**INFORMATION SHOWN:**

--

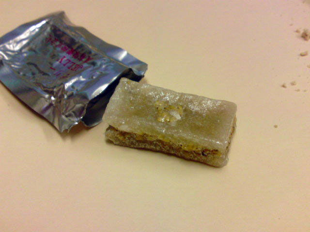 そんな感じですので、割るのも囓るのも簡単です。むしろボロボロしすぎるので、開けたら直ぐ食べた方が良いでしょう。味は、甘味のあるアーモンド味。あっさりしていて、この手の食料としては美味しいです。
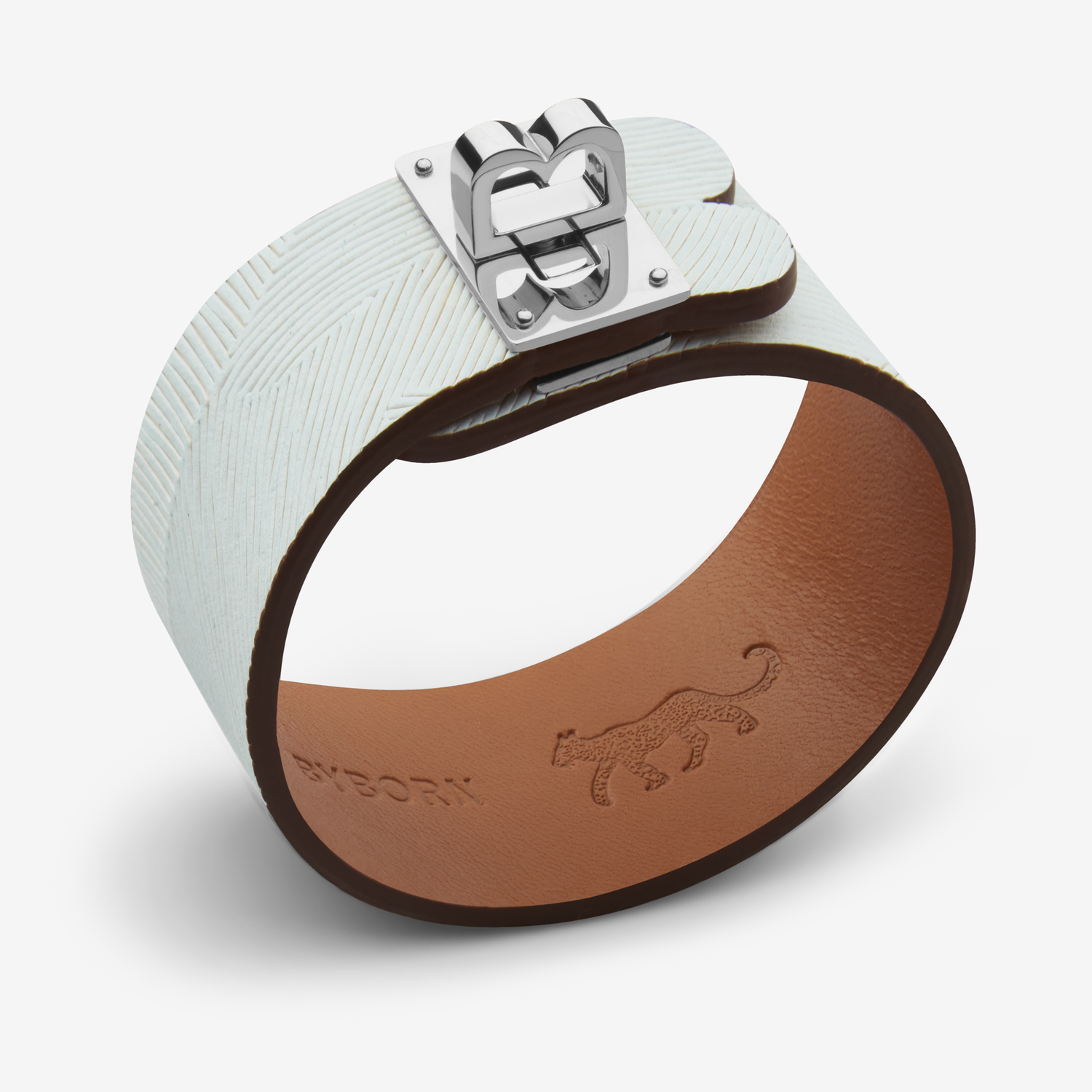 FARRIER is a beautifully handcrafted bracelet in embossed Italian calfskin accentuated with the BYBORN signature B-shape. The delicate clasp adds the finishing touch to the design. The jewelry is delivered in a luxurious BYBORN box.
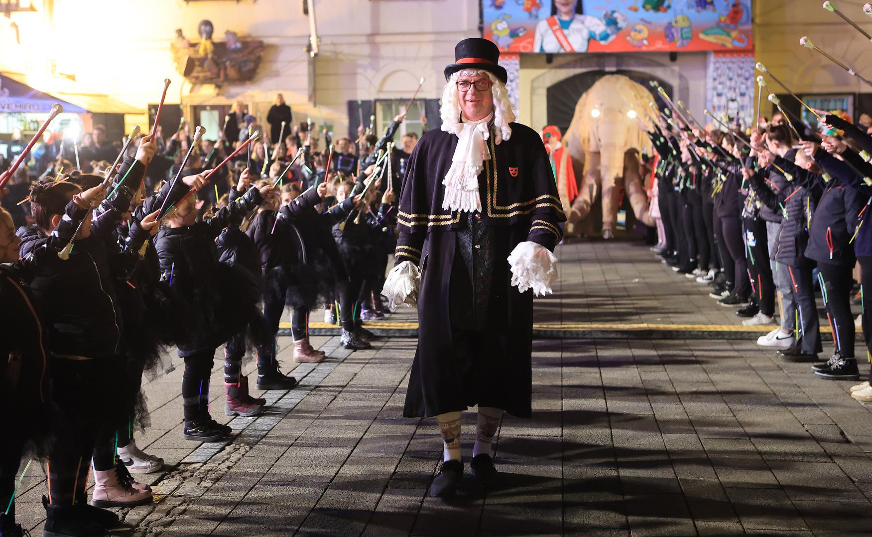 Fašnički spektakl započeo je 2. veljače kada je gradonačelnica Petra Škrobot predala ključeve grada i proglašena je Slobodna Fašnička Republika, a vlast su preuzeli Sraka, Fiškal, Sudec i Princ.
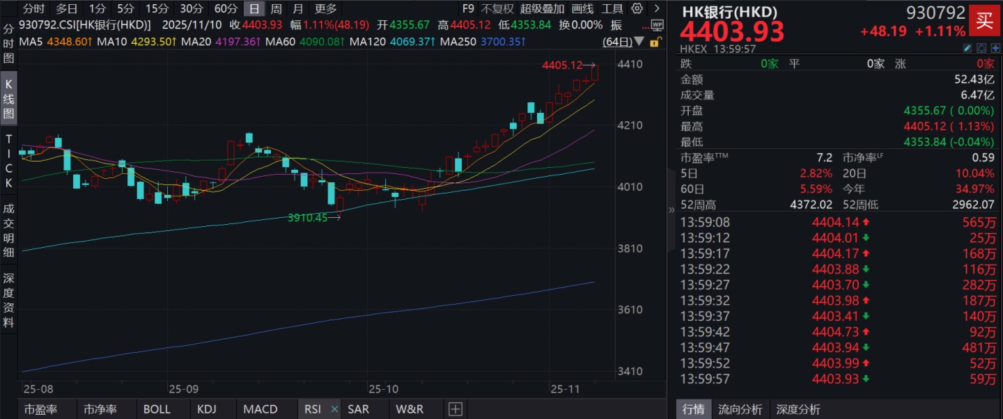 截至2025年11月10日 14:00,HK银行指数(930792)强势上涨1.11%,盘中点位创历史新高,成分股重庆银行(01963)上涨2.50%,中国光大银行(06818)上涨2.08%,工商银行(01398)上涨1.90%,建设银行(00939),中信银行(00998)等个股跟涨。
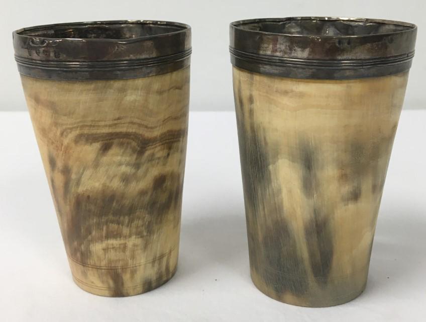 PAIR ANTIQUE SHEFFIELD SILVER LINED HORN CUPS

--

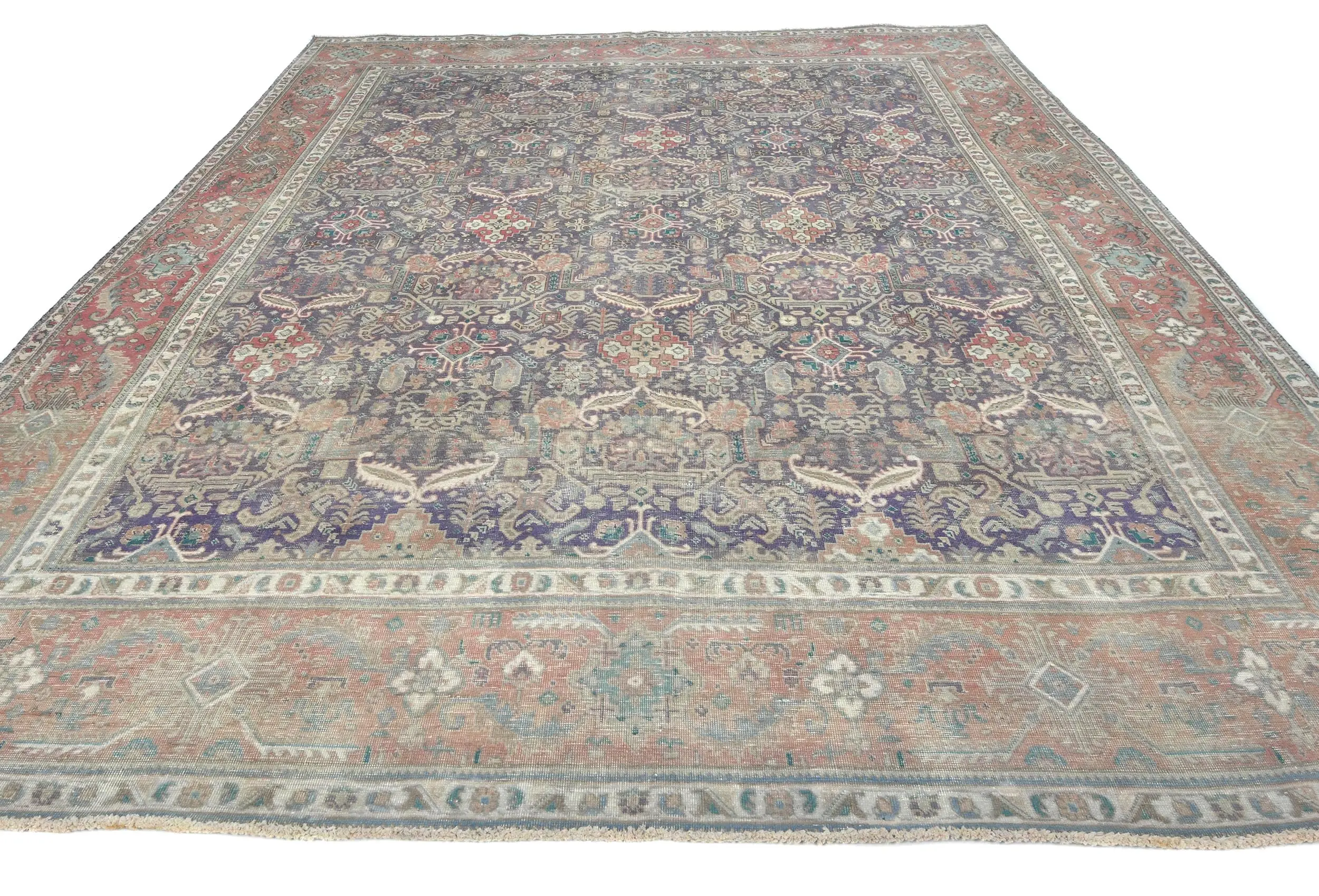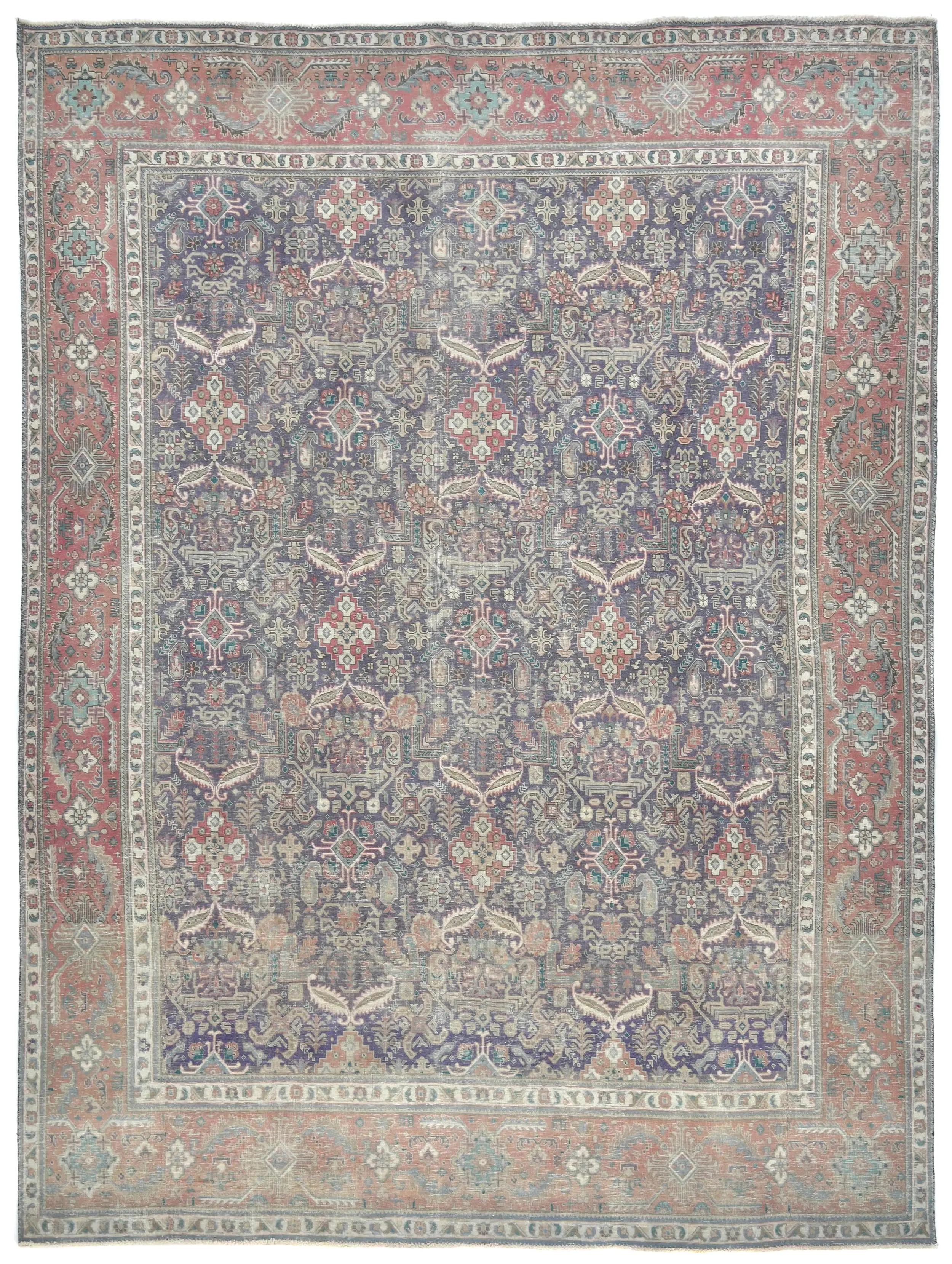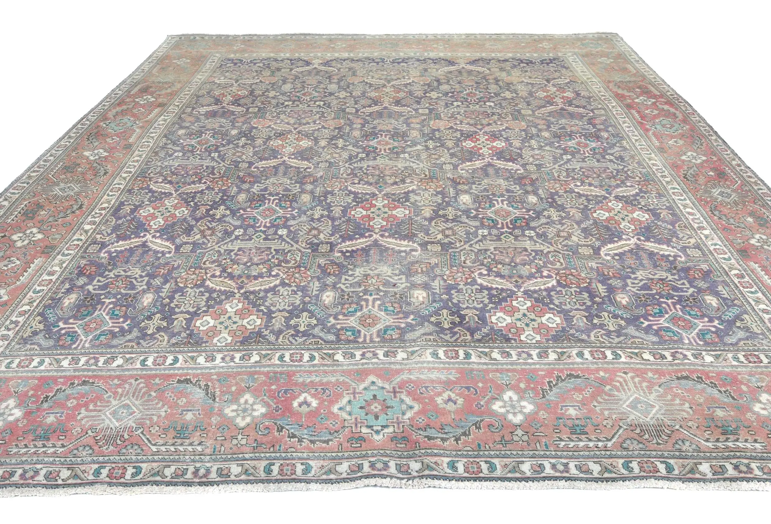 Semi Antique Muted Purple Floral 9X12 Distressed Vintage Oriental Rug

--

**WORK TO COMPLETE:** Exactly as written above, retype the lines starting at the one holding "截至2025年11月10日 14:00,HK银行指数(9" and ending at the one holding "PAIR ANTIQUE SHEFFIELD", both included, but not the pictures.

**YOUR RESPONSE:**
 截至2025年11月10日 14:00,HK银行指数(930792)强势上涨1.11%,盘中点位创历史新高,成分股重庆银行(01963)上涨2.50%,中国光大银行(06818)上涨2.08%,工商银行(01398)上涨1.90%,建设银行(00939),中信银行(00998)等个股跟涨。
 PAIR ANTIQUE SHEFFIELD SILVER LINED HORN CUPS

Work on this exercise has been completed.